Aim of the exercise →
Print the lines in the listing below starting at the line with "圖為11月21日,西藏日喀則" and ending at the line with "株式会社伊藤園様では、「おー", both included. Reproduce them exactly and omit every picture.

Data records →
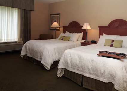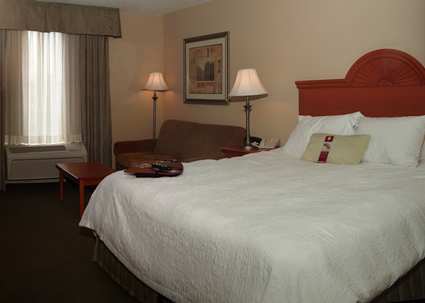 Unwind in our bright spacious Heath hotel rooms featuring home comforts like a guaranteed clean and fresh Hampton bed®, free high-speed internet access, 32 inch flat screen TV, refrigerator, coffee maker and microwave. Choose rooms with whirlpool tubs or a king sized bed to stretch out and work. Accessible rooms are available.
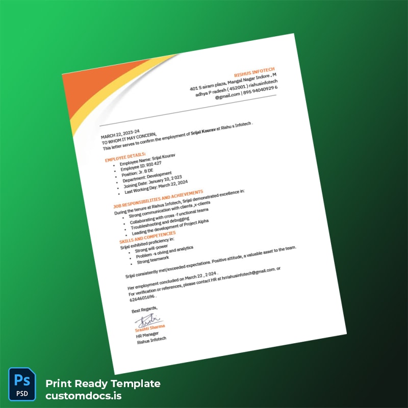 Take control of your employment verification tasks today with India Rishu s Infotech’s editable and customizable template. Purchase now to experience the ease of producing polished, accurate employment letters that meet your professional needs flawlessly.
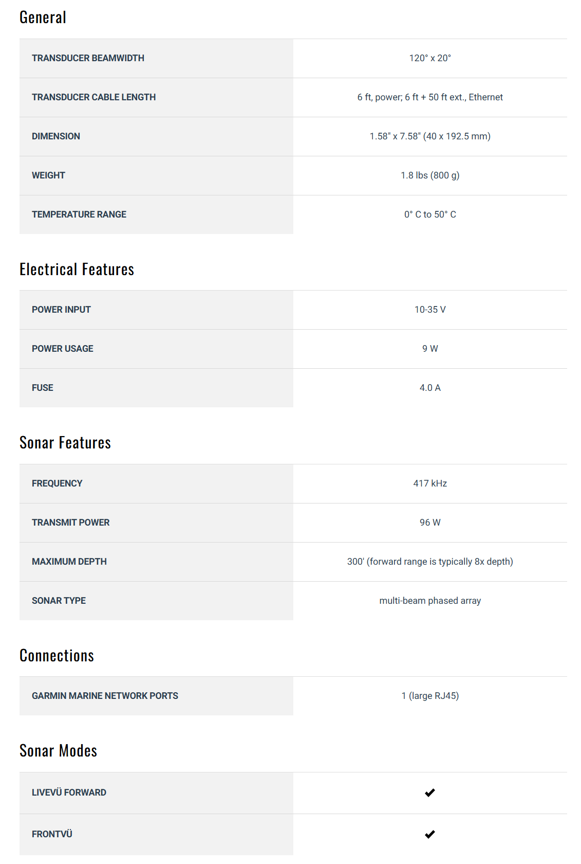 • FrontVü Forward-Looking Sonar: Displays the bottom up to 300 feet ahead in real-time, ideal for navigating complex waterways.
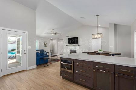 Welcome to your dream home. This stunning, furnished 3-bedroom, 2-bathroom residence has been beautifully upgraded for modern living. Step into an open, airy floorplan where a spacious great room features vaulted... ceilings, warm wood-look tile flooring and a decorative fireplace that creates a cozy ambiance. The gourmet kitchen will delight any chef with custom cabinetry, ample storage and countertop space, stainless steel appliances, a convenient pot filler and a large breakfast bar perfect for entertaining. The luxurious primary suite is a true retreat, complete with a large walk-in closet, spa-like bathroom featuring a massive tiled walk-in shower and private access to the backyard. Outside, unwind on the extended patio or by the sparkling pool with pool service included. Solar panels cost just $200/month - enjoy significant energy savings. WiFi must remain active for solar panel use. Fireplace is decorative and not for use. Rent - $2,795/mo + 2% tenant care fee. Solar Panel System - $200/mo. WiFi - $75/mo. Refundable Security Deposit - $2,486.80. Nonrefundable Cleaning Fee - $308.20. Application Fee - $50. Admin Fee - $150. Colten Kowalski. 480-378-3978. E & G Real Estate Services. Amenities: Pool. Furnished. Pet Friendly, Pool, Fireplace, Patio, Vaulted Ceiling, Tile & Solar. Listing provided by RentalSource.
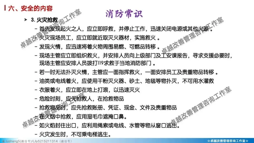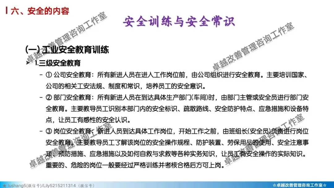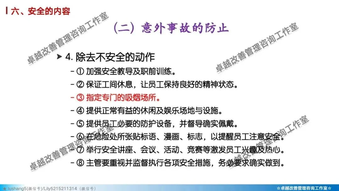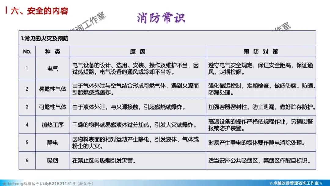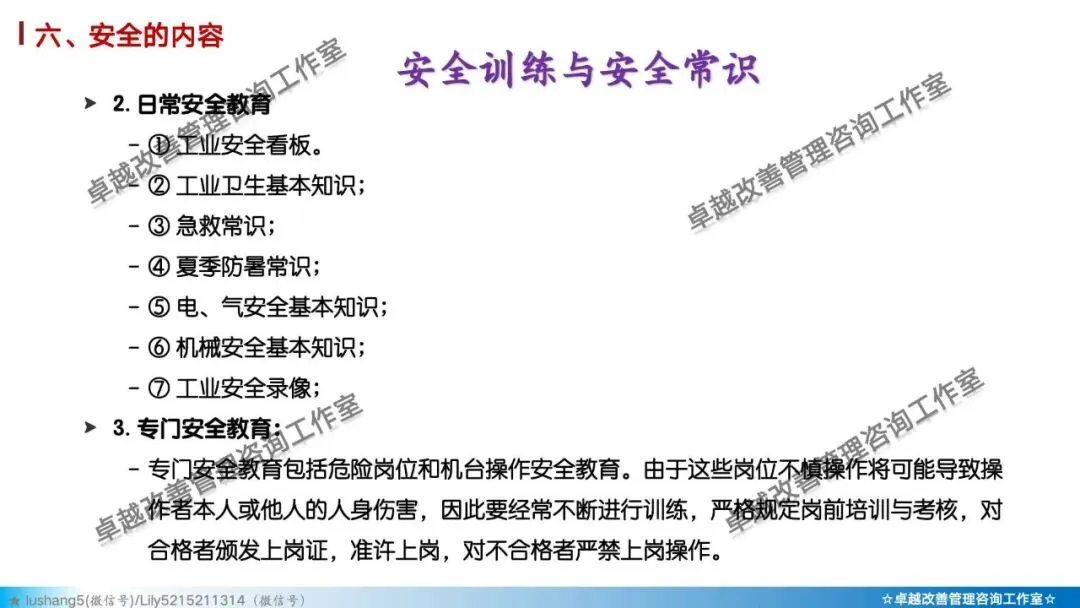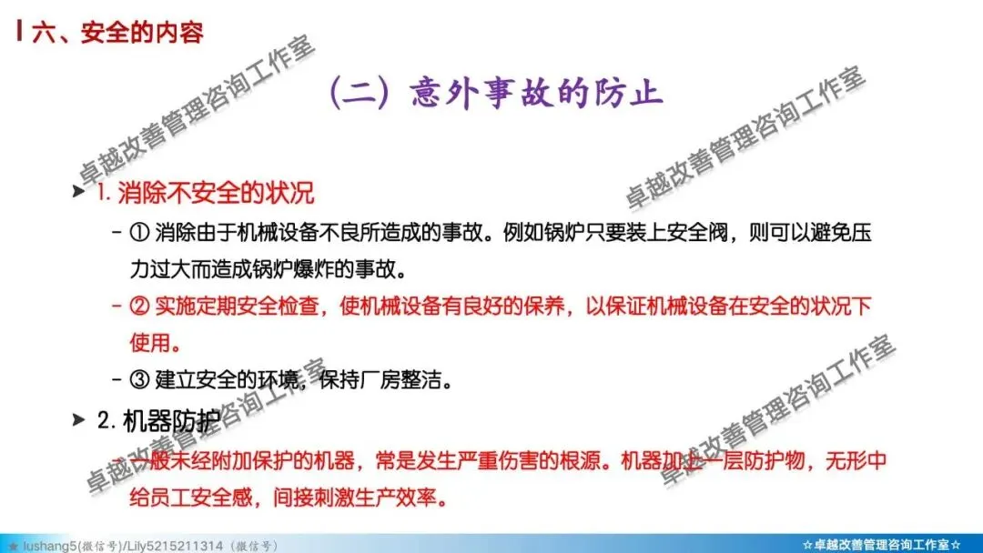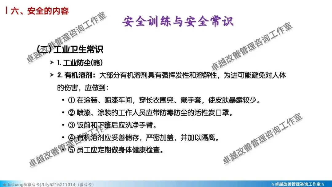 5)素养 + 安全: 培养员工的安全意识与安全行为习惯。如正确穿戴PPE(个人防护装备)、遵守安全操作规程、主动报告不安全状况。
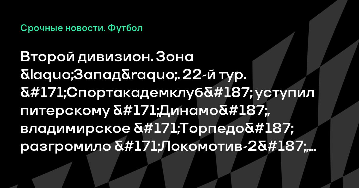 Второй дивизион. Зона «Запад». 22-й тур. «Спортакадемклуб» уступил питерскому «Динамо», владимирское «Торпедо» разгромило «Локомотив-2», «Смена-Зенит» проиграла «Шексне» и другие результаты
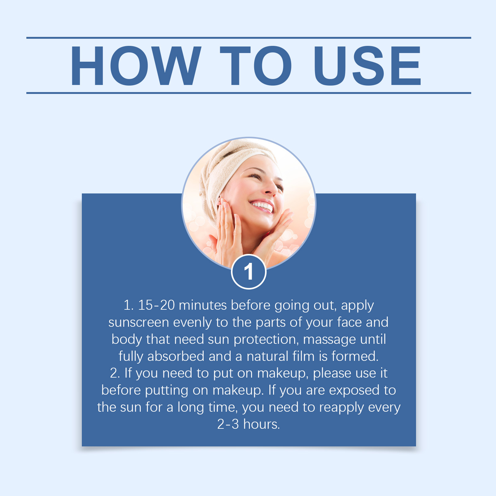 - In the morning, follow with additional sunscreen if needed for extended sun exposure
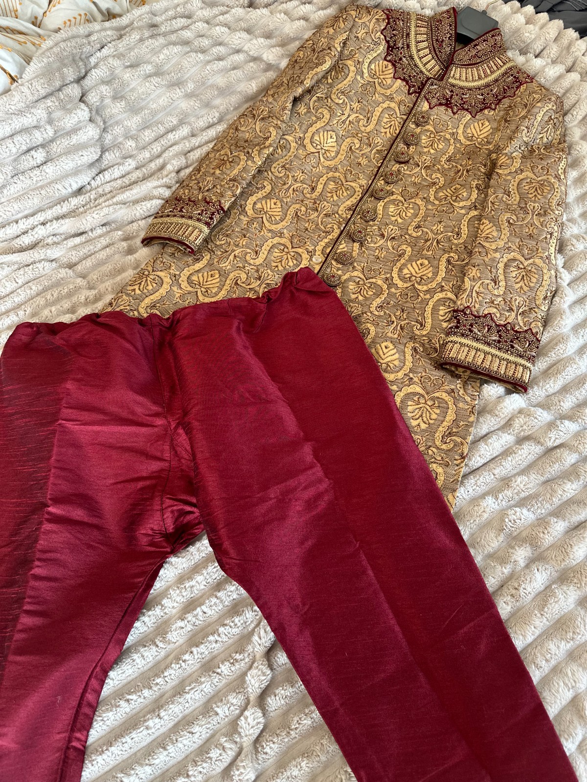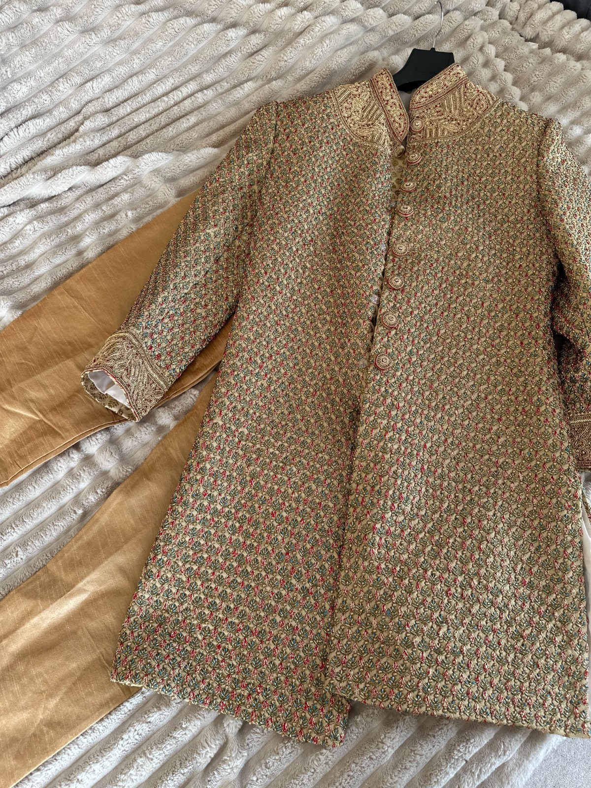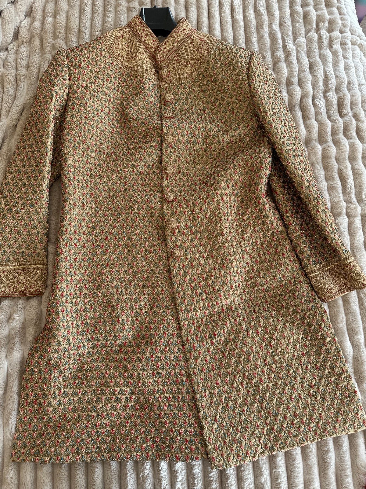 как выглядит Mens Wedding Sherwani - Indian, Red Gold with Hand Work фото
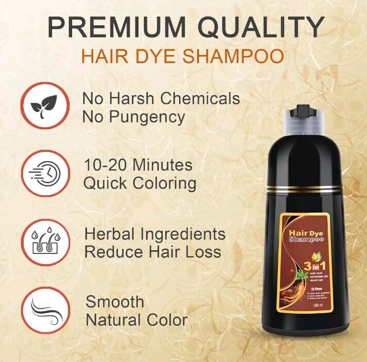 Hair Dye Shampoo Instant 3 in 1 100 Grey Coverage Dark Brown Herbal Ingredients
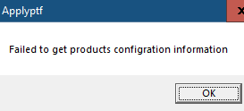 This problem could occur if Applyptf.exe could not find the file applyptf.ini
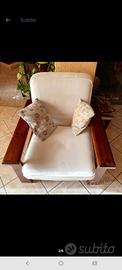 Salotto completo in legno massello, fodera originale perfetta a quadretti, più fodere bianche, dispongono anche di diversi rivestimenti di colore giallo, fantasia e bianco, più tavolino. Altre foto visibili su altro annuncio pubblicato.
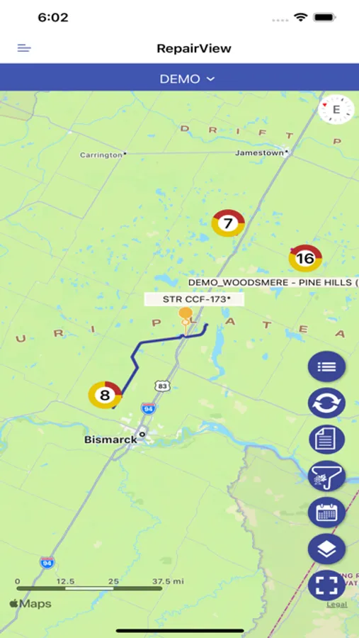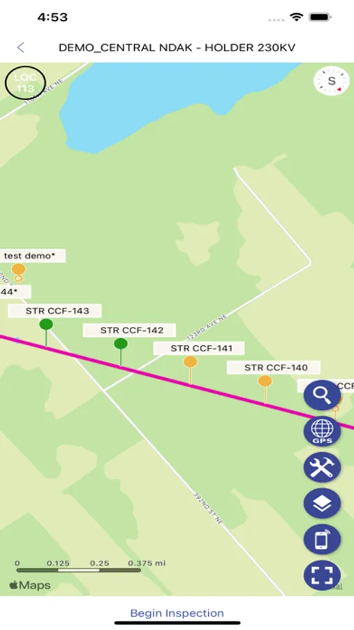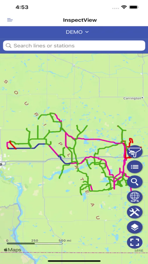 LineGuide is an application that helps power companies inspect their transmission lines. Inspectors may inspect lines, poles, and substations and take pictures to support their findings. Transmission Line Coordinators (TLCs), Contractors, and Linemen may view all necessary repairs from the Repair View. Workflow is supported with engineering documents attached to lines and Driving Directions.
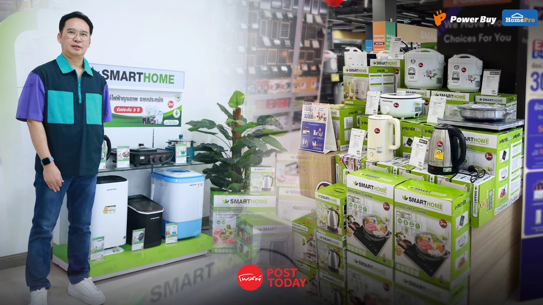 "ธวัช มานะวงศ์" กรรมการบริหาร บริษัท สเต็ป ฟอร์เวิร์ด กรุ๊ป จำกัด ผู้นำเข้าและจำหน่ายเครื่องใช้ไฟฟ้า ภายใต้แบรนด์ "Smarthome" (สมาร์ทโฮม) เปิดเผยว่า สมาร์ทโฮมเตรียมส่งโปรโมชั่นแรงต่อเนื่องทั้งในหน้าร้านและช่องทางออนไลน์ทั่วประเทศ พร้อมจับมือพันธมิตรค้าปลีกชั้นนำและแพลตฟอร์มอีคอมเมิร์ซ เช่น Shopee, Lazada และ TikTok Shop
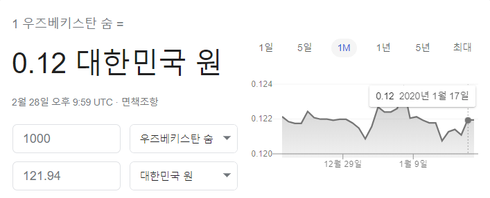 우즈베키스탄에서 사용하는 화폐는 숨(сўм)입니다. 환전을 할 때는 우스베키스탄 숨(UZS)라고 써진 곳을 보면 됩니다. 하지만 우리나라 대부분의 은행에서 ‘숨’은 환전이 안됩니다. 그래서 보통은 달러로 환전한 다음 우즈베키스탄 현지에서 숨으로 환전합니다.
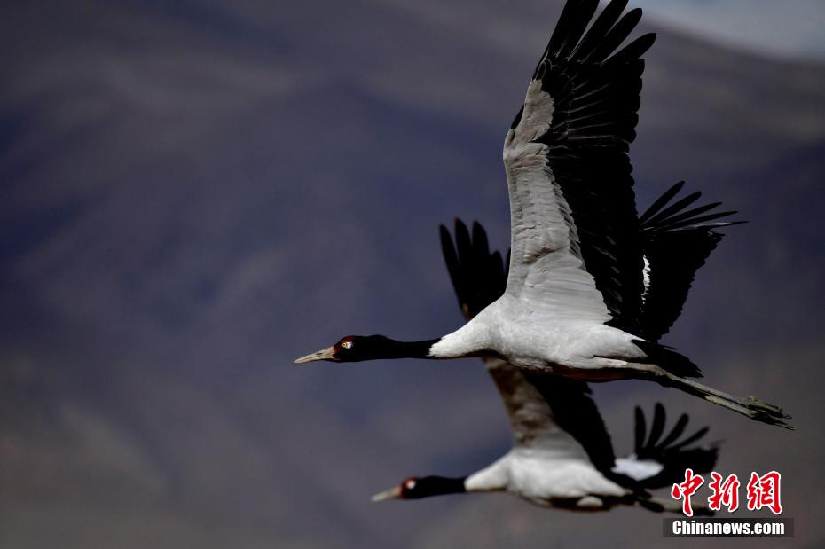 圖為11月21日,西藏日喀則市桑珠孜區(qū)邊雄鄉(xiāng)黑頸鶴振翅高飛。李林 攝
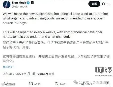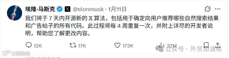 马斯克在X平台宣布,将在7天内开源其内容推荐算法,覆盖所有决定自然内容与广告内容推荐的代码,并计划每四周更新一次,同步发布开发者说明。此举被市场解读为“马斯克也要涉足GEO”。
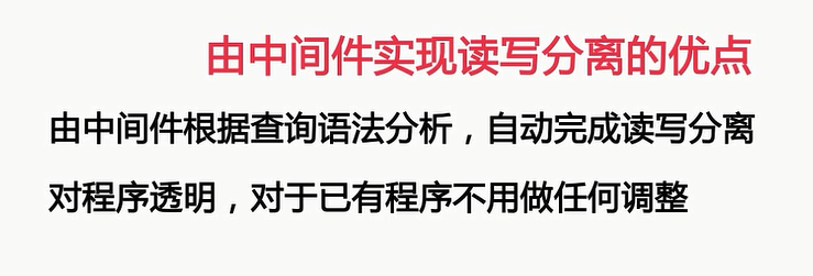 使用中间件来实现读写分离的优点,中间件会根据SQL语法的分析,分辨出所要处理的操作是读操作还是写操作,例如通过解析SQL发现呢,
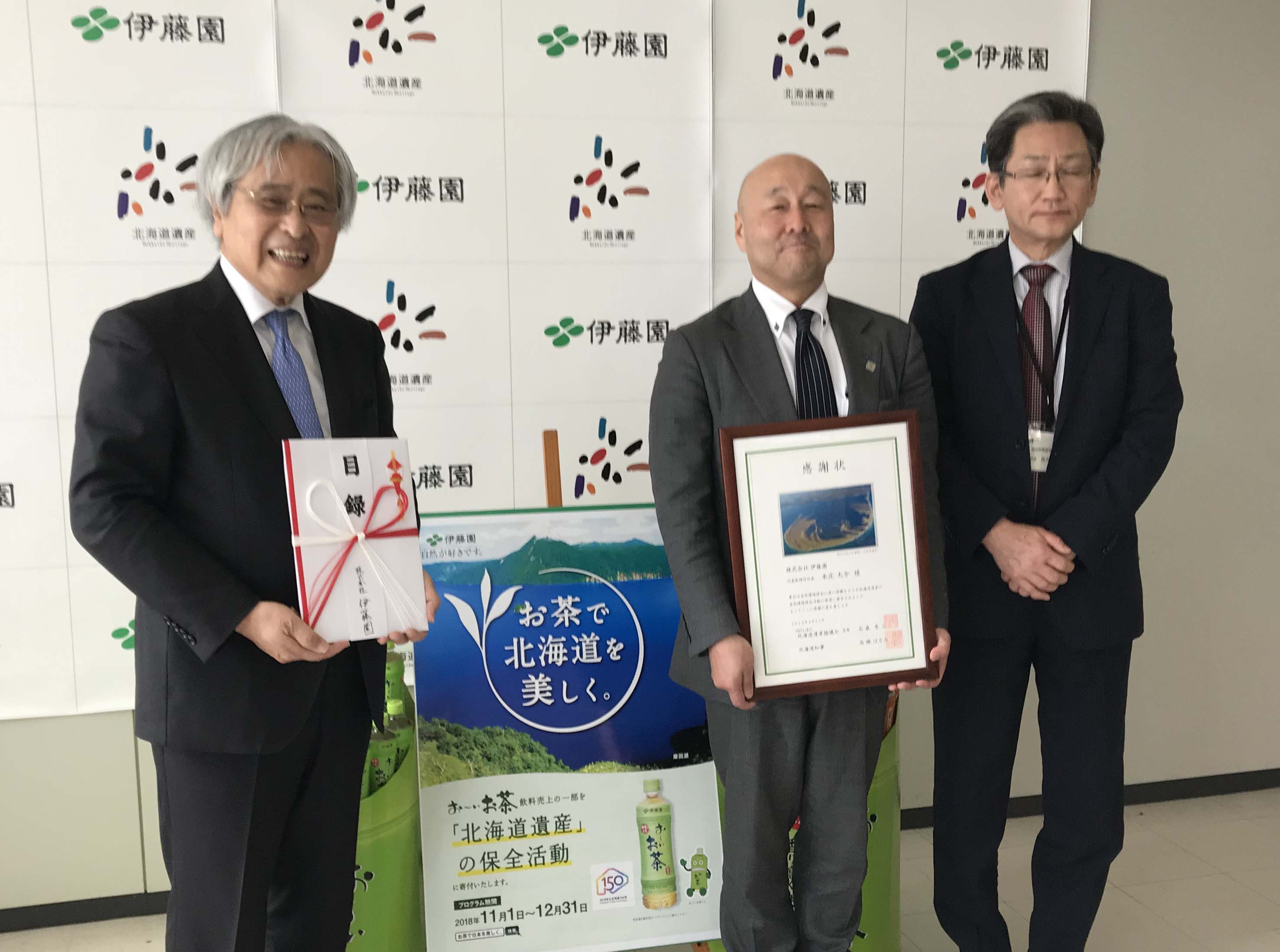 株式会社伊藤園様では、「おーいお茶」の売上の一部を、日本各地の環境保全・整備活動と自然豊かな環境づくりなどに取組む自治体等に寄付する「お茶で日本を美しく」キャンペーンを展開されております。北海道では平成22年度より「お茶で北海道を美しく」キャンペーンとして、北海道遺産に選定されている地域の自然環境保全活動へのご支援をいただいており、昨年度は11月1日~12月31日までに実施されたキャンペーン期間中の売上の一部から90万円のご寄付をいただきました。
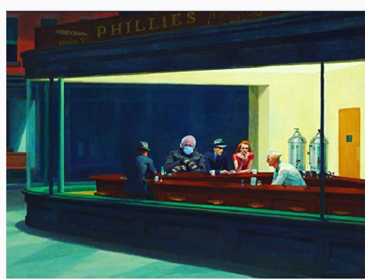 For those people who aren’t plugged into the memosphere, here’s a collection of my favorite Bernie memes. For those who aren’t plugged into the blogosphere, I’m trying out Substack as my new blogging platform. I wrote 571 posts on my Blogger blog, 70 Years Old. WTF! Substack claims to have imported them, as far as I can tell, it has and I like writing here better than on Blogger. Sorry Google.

Exercise output →
 圖為11月21日,西藏日喀則市桑珠孜區(qū)邊雄鄉(xiāng)黑頸鶴振翅高飛。李林 攝
 马斯克在X平台宣布,将在7天内开源其内容推荐算法,覆盖所有决定自然内容与广告内容推荐的代码,并计划每四周更新一次,同步发布开发者说明。此举被市场解读为“马斯克也要涉足GEO”。
 使用中间件来实现读写分离的优点,中间件会根据SQL语法的分析,分辨出所要处理的操作是读操作还是写操作,例如通过解析SQL发现呢,
 株式会社伊藤園様では、「おーいお茶」の売上の一部を、日本各地の環境保全・整備活動と自然豊かな環境づくりなどに取組む自治体等に寄付する「お茶で日本を美しく」キャンペーンを展開されております。北海道では平成22年度より「お茶で北海道を美しく」キャンペーンとして、北海道遺産に選定されている地域の自然環境保全活動へのご支援をいただいており、昨年度は11月1日~12月31日までに実施されたキャンペーン期間中の売上の一部から90万円のご寄付をいただきました。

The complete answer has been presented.